• **WORK INSTRUCTIONS**
If the records below hold pictures, omit them, and print exactly the lines from the first line through the line containing "Source: Geographical position", inclusive.

-------- SOURCE RECORDS

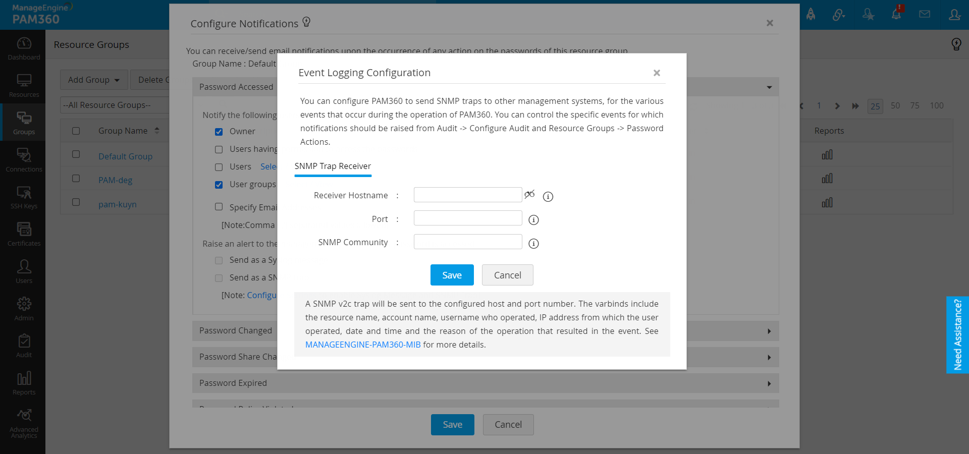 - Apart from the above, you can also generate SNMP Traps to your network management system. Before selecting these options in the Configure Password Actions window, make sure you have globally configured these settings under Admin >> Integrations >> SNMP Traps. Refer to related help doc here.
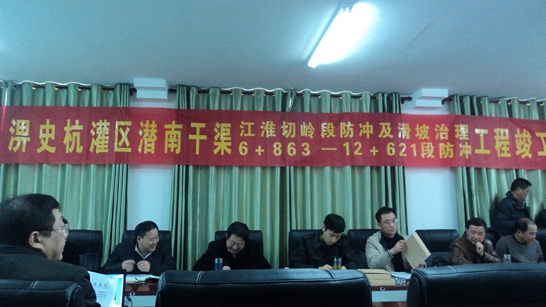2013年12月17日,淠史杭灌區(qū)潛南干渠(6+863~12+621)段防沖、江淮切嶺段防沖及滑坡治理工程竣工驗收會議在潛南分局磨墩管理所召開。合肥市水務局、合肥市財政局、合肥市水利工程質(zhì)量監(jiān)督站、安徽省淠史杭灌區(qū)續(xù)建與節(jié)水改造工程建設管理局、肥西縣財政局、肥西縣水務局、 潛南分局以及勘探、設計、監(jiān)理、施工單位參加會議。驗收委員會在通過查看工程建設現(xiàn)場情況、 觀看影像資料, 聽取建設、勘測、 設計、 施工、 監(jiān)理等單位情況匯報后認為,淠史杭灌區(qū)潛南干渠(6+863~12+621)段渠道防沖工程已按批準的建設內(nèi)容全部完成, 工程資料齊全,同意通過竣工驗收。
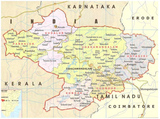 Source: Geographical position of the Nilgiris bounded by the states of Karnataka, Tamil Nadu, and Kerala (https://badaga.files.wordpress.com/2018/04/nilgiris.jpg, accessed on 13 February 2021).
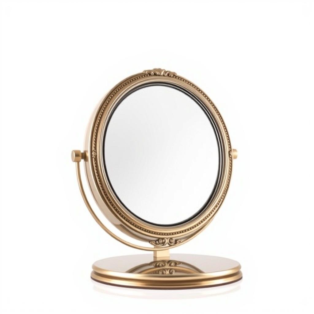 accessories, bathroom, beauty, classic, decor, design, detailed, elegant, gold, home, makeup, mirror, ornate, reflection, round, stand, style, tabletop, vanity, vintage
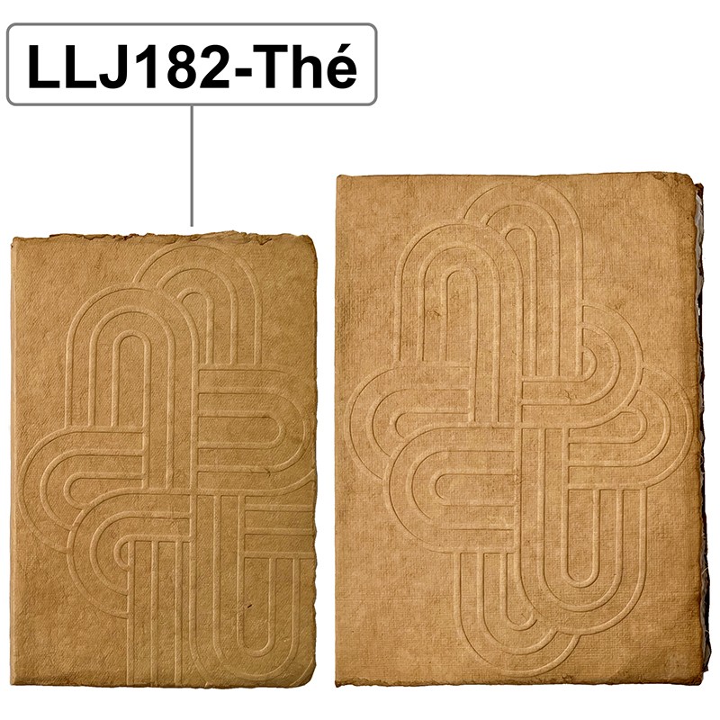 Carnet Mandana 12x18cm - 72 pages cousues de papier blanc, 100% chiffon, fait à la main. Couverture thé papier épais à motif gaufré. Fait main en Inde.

----------------

• **RESULT**
 - Apart from the above, you can also generate SNMP Traps to your network management system. Before selecting these options in the Configure Password Actions window, make sure you have globally configured these settings under Admin >> Integrations >> SNMP Traps. Refer to related help doc here.
2013年12月17日,淠史杭灌區(qū)潛南干渠(6+863~12+621)段防沖、江淮切嶺段防沖及滑坡治理工程竣工驗收會議在潛南分局磨墩管理所召開。合肥市水務局、合肥市財政局、合肥市水利工程質(zhì)量監(jiān)督站、安徽省淠史杭灌區(qū)續(xù)建與節(jié)水改造工程建設管理局、肥西縣財政局、肥西縣水務局、 潛南分局以及勘探、設計、監(jiān)理、施工單位參加會議。驗收委員會在通過查看工程建設現(xiàn)場情況、 觀看影像資料, 聽取建設、勘測、 設計、 施工、 監(jiān)理等單位情況匯報后認為,淠史杭灌區(qū)潛南干渠(6+863~12+621)段渠道防沖工程已按批準的建設內(nèi)容全部完成, 工程資料齊全,同意通過竣工驗收。
 Source: Geographical position of the Nilgiris bounded by the states of Karnataka, Tamil Nadu, and Kerala (https://badaga.files.wordpress.com/2018/04/nilgiris.jpg, accessed on 13 February 2021).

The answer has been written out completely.